The non-performer and ordinary reality Mom, Kate Gosselin depicted just how painful it is to watch a non-professional in a professional role, as in “Dancing With The Stars.” Her Frankenstein dance steps and inability to “turn on” that extroverted aspect of her personality who craves the camera lights and applause---shows the stark contrast of real actors/celebrity’s capability to effortlessly call on the performer within to entertain.

If we asked Dr. Drew Pinsky, the celebrity psychotherapist with his own VH1 reality show that addresses celebrity drug addiction “Celebrity Rehab.” These married couples who’ve acquired immediate false stardom through a reality show, by putting each argument and neurosis under the magnification of a camera lense, eventually exposing themselves to public scrutiny. How does that “celebrity” effect their relationship?

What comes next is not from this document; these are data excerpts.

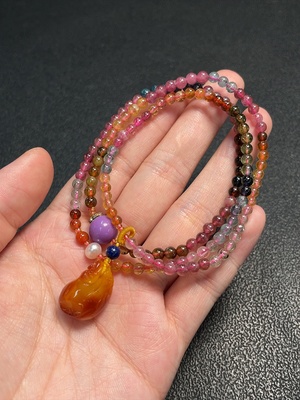 C38543317 Tourmaline bead bracelet with amber, coated with colorless film, visible organic matter, non-natural/non-metal accent stones, total weight approx. 15.51g, bead size ~3.7mm
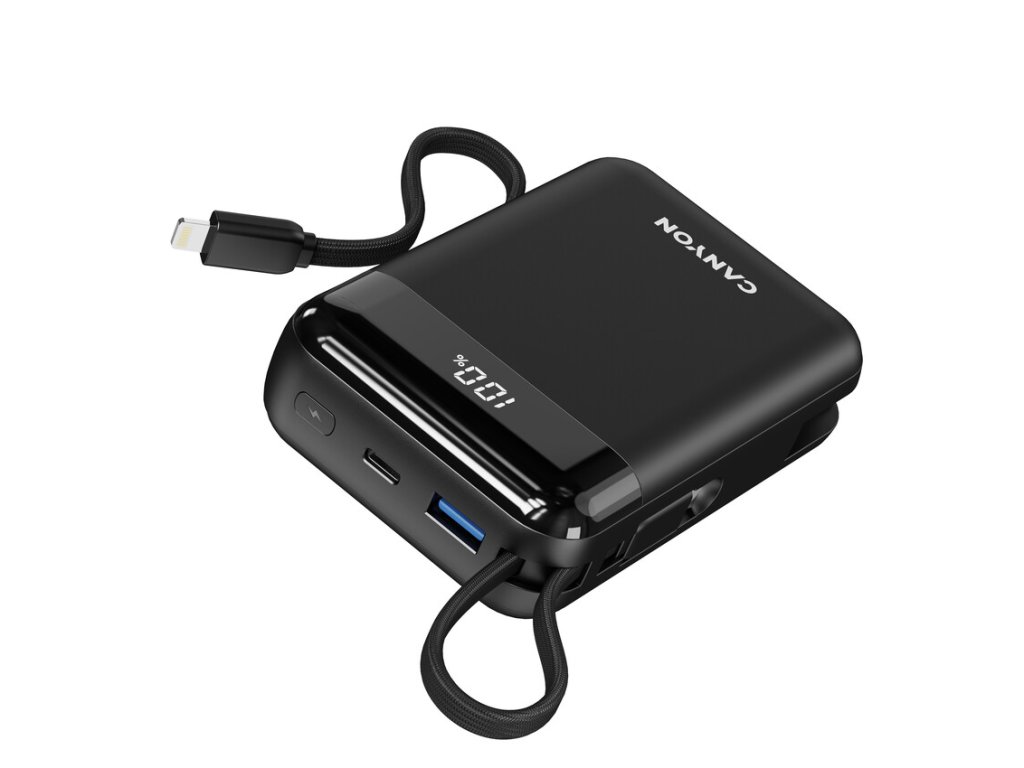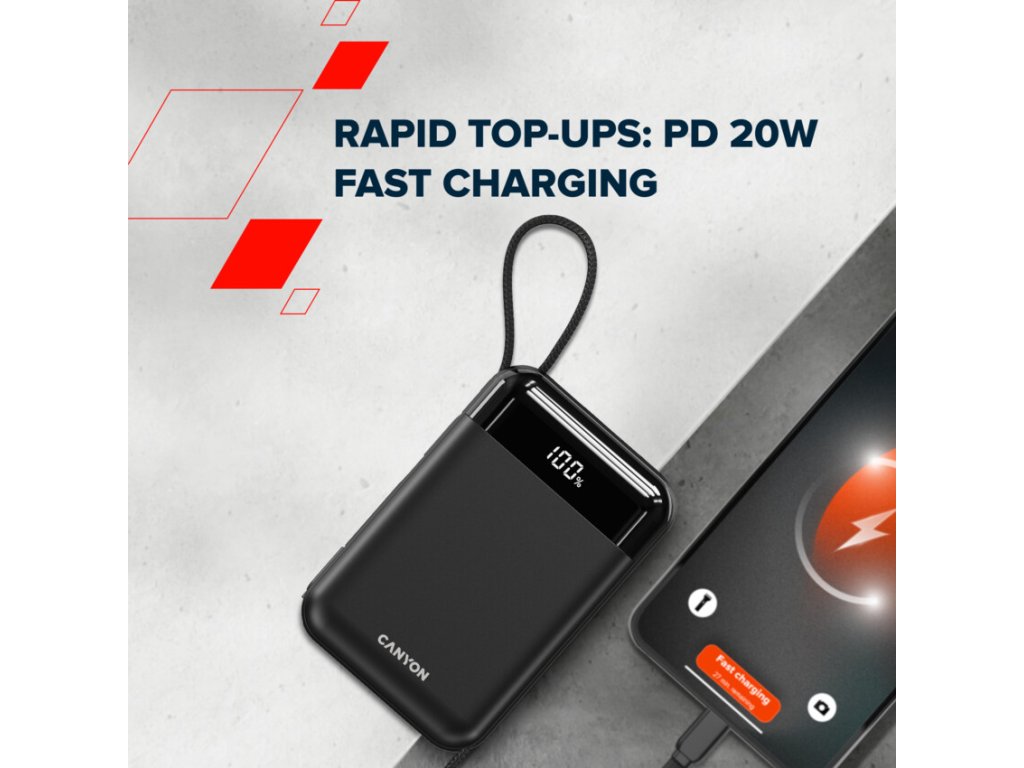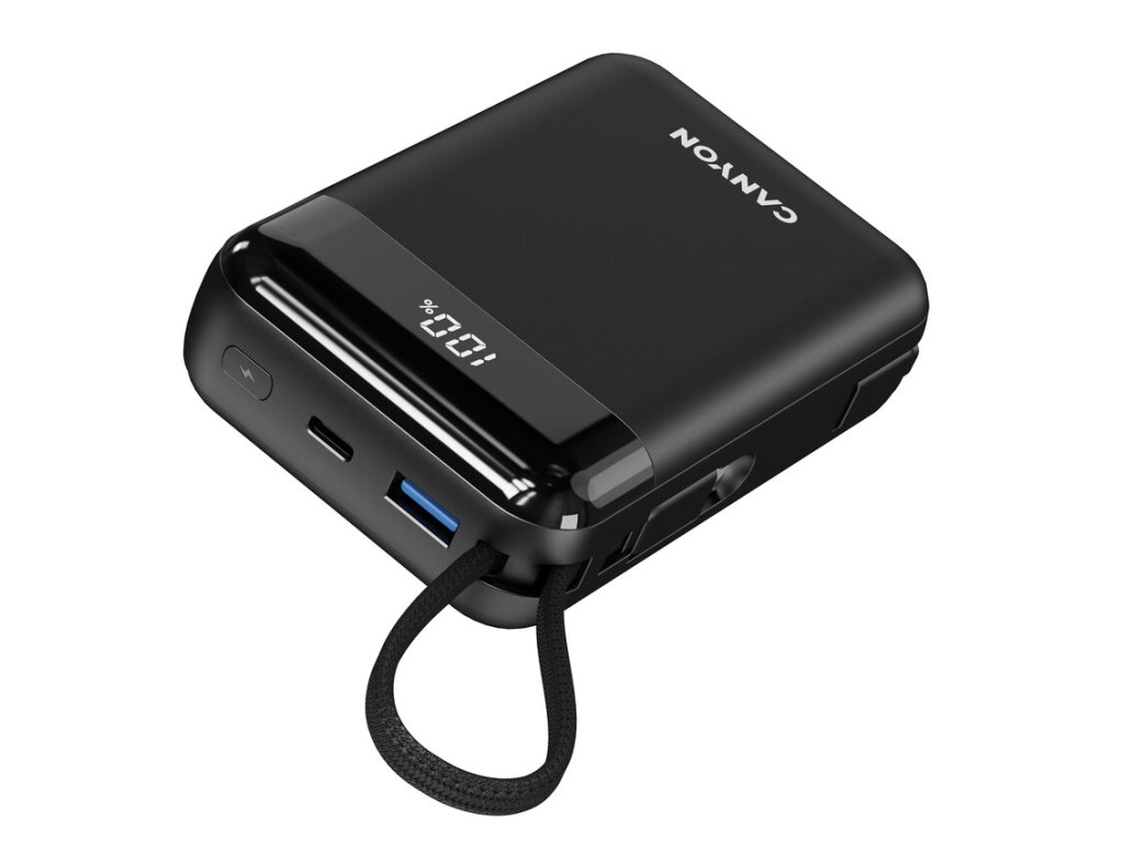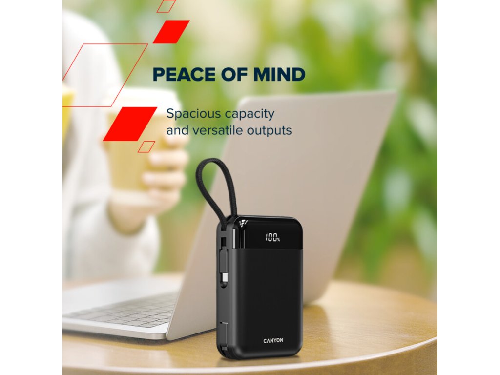 Canyon OnPower 204, Powerbanka, 20 000 mAh, 22.5 W, in/out: USB-C/USB-A, integr. káb. Ligtning+USB-C
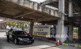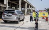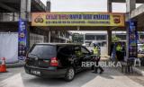 REPUBLIKA.CO.ID,BANDUNG -- Petugas gabungan melakukan penyekatan kendaraan berplat nomor luar Bandung di Rest Area KM 149 B Tol Purbaleunyi, Kabupaten Bandung, Senin (17/5).
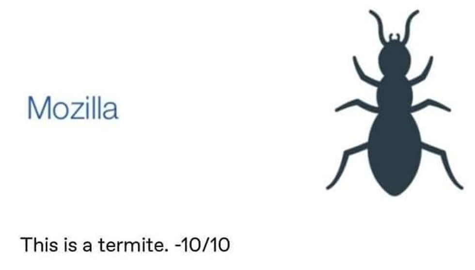 And Mozilla was so rage inducing they went into negative numbers for their termite impersonating an ant.
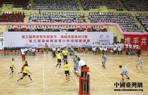 中國臺灣網(wǎng)7月22日消息 由中華全國青年聯(lián)合會、福建省政府共同主辦的第三屆兩岸青年聯(lián)歡節(jié)海峽西岸行活動之一——第三屆海峽兩岸青少年排球邀請賽19日在漳州華陽體育館開幕。全國青聯(lián)主席楊岳,福建省委常委、宣傳部長唐國忠出席開幕式。
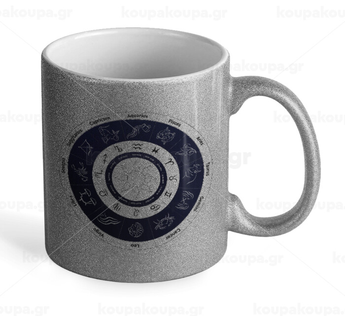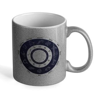 Ζωδιακός κύκλος, Κούπα Ασημένια Glitter που γυαλίζει, κεραμική, 330ml

Why does marriage become more fragile when public scrutiny is thrown n the mix? After seeing the inner-workings of the marriage on television---how does seeing oneself 360 degrees effect who we are? And that self-awareness and observations of the spouse is so severe it’s capable of breaking a committed relationship?

Is it because they are able to witness for themselves their own shortcomings, or their partners flaws---their differences too painfully apparent when seen on television. With a focus so intense it replicates an experiment, a case study in ones home, who’s subjects have gone awry. Was the relationship doomed from the start?

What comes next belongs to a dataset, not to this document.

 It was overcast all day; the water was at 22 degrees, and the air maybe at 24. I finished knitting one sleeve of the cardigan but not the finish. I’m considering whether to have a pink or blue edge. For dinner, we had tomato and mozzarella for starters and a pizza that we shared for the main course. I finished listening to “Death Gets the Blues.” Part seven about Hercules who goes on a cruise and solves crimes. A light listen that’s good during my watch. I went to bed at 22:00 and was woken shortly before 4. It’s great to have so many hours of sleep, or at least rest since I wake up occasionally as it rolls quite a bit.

Since the veil of ignorance was lifted on their own and their partners behaviors, as well as them as a unit, then is the reality check of a divorce the only recourse---as they can’t go back to who they once were---and now that the conflicts and differences have surfaced, are they too apparent to ignore, too great to work on, too ill matched to continue a relationship?

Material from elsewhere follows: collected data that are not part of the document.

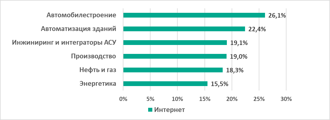 - Автоматизация зданий на втором месте в рейтингах по угрозам из интернета (22,4%) и ресурсам в интернете из списка запрещенных (14,2%).
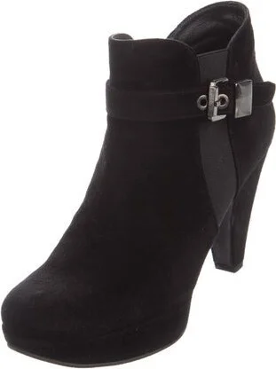 Stuart Weitzman Suede Ankle Boots Black Leather Trim Square-Toes Platform Wrap-Around Straps & Buckle Closure at Sides Designer Fit: This designer typically runs true to size.
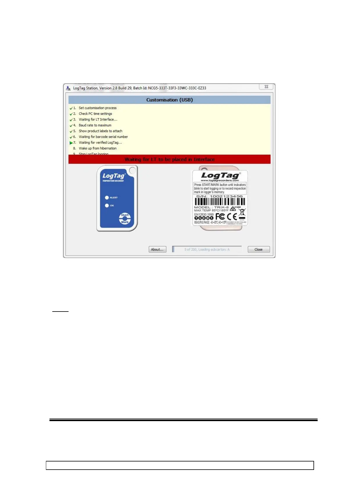 Display will then display the ‘waiting for LogTag’ screen detailing the labels to attached.
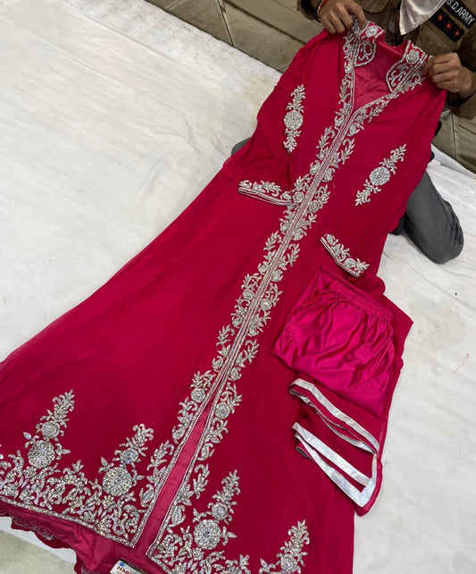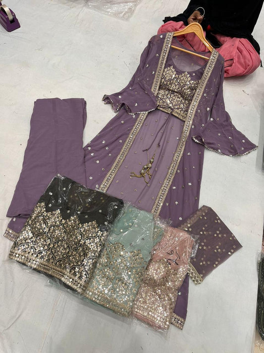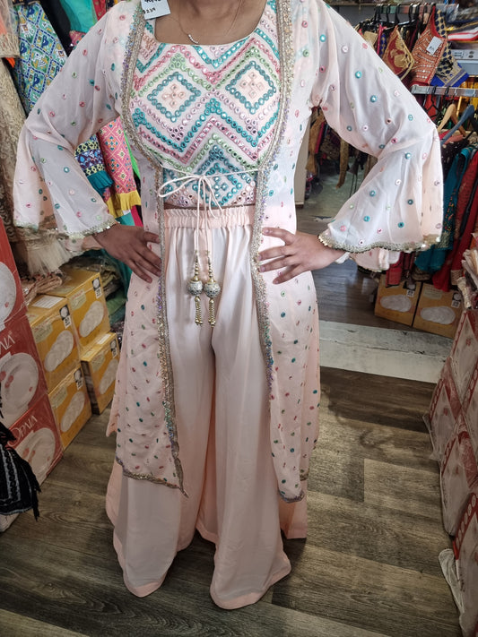 Beautiful designer indo western style crop top plazo suit with koti/shrug
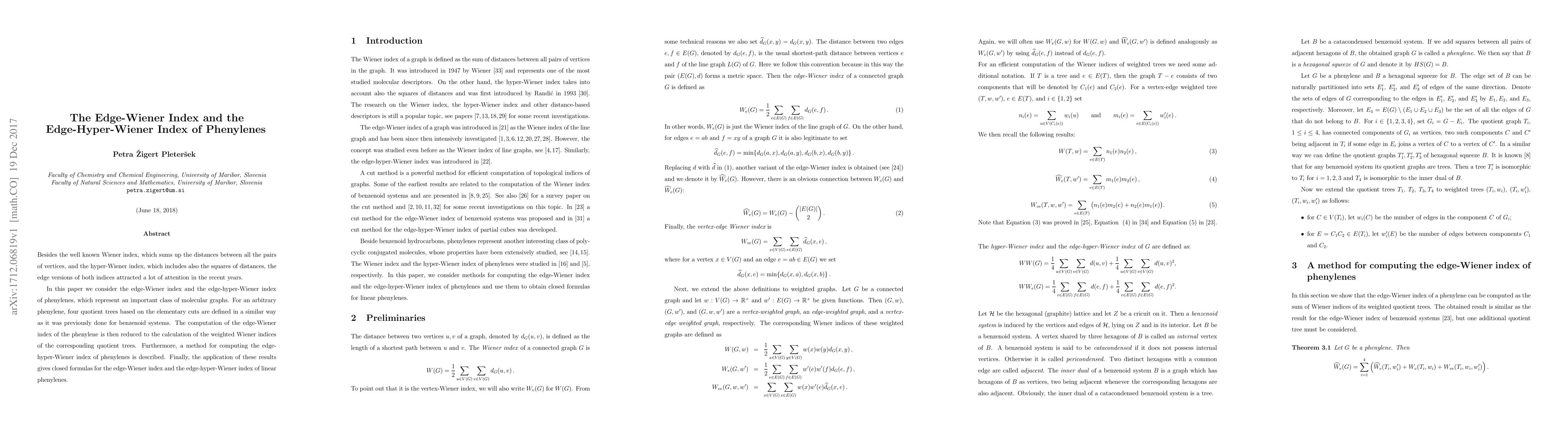 This paper explores the edge-Wiener index and the edge-hyper-Wiener index for phenylenes, an important class of molecular graphs. It provides methods to compute these indices by reducing their calculation to weighted Wiener indices of quotient trees derived from elementary cuts.
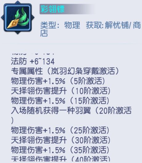 专属灵武——彩翎镖。记住,专属的永远优于通用。
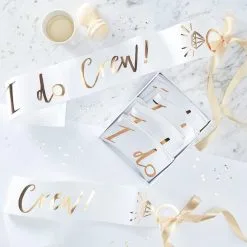 Let everyone know who’s part of the crew with these Ginger Ray Metallic Gold & White I Do Crew Sashes! They will add an extra touch of style to your bachelorette party, bridal, or wedding shower. The gorgeous gold script text says “I Do Crew!” on a white background so they will go with many themes. The wedding party can even take them home for a special keepsake.
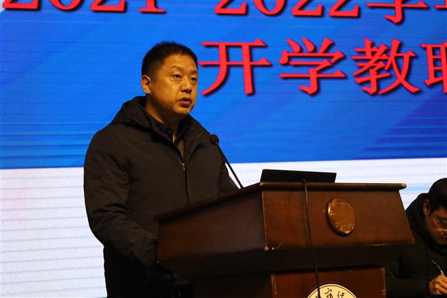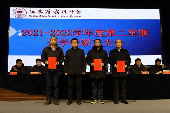 校党委书记、校长张德超作了题为《追求融通育人,创建“三高”名校》的讲话。张校长带领大家一同回顾了2021年宿中的发展和收获,分析了2022年宿中所面临的四大新挑战,即高考突破的挑战、高品质示范高中创建提档的挑战、优质生源集聚的挑战和品牌声誉提升的挑战。为了应对这些挑战,张校长整合并细化了2022年宿中将要完成的16条工作目标并勉励全体教职工要认真学习和参照这16条目标,勇敢的走出“舒适区”,走进“挑战区”,不断实现自我的新突破,为宿中高品质高中的建设贡献自己的力量。

Because reality show couples are foreign to celebrity and unaware how detrimental it can be to their privacy. They make the grave mistake of taking “the show on the road.” Whereas celebrity that has been achieved and warranted through years of hard work and success from the craft of an actor whether television or film---they are familiar with the pitfalls of fame and its attempt to snake itself into personal aspects of their private life and relationships, making them more capable of maintaining boundaries and savvy at side stepping [if desired] journalists and paparazzi.

So without having the experience of the media, as an accredited actor does, and allowing the world into your marriage, and being seduced by, and ill-prepared to handle all the instant trappings of the faux TV land fame. Than it has the ability of contaminating your relationship.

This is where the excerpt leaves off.